Frederik Krabbe

Personal information
- Date of birth: 10 March 1988 (age 37)
- Place of birth: Aabyhøj, Aarhus, Denmark
- Height: 1.83 m (6 ft 0 in)
- Position(s): Right back

Youth career
- Aabyhøj IF
- 2003–2005: AGF

Senior career*
- Years: Team / Apps / (Gls)
- 2005–2011: AGF / 131 / (5)
- 2011–2013: Lyngby / 35 / (1)
- 2013–2015: Arendal / 32 / (3)
- 2015–2019: Hvidovre / 60 / (5)
- 2019: → HIK (loan) / 12 / (0)
- 2020–2021: HIK / 24 / (1)
- Total:  / 294 / (15)

International career
- 2004: Denmark U16 / 3 / (1)
- 2004–2005: Denmark U17 / 15 / (0)
- 2005–2006: Denmark U18 / 4 / (0)
- 2006–2007: Denmark U19 / 11 / (0)
- 2007–2008: Denmark U20 / 4 / (0)
- 2007–2010: Denmark U21 / 11 / (0)

= Frederik Krabbe =

Danish footballer (born 1988)

Frederik Krabbe (born 10 March 1988) is a Danish former professional footballer who played as a right-back.

==Career==
Krabbe started playing professional football with AGF in 2005, initially playing as a centre-back. Due to injuries to teammates during the 2007–08 season, he transitioned to the right-back position permanently. Krabbe was part of AGF's talented 1988 cohort, which included notable players such as Michael Lumb, Morten Beck Andersen, and others who had secured the under-17 league title in 2003.

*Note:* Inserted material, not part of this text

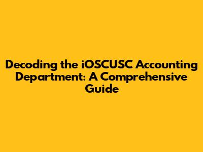 Decoding The IOSCUSC Accounting Department: A Comprehensive Guide
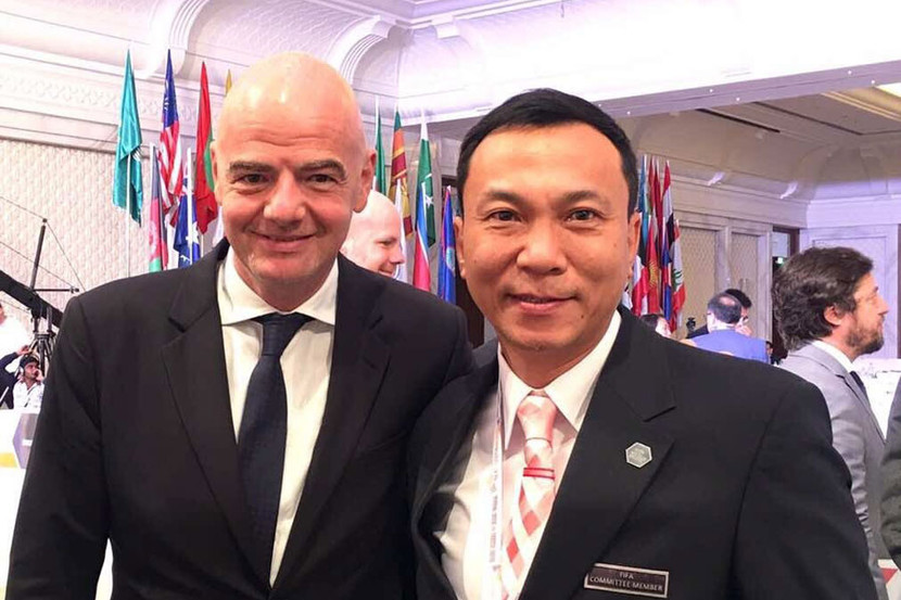 Chủ tịch FIFA Gianni Infantino và Phó chủ tịch VFF Trần Quốc Tuấn bên lề một cuộc họp

However, Krabbe faced adversity in July 2010 when he suffered a serious injury during a friendly match against AaB, sidelining him for over six months. On 24 May 2011, Krabbe's contract with AGF expired and one month later he signed a two-year contract with Lyngby Boldklub.

In July 2013, Krabbe signed a contract with Norwegian Second Division club Arendal. He returned to Denmark in December 2014, signing a two-and-a-half-year contract with Hvidovre.

On 13 August 2019, Krabbe was loaned out to Danish 2nd Division club HIK for the rest of 2019 from Hvidovre. In January 2020 it was reported, that Krabbe had terminated his contract with Hvidovre and would continue at HIK.

On 28 May 2021, Krabbe announced his retirement from football.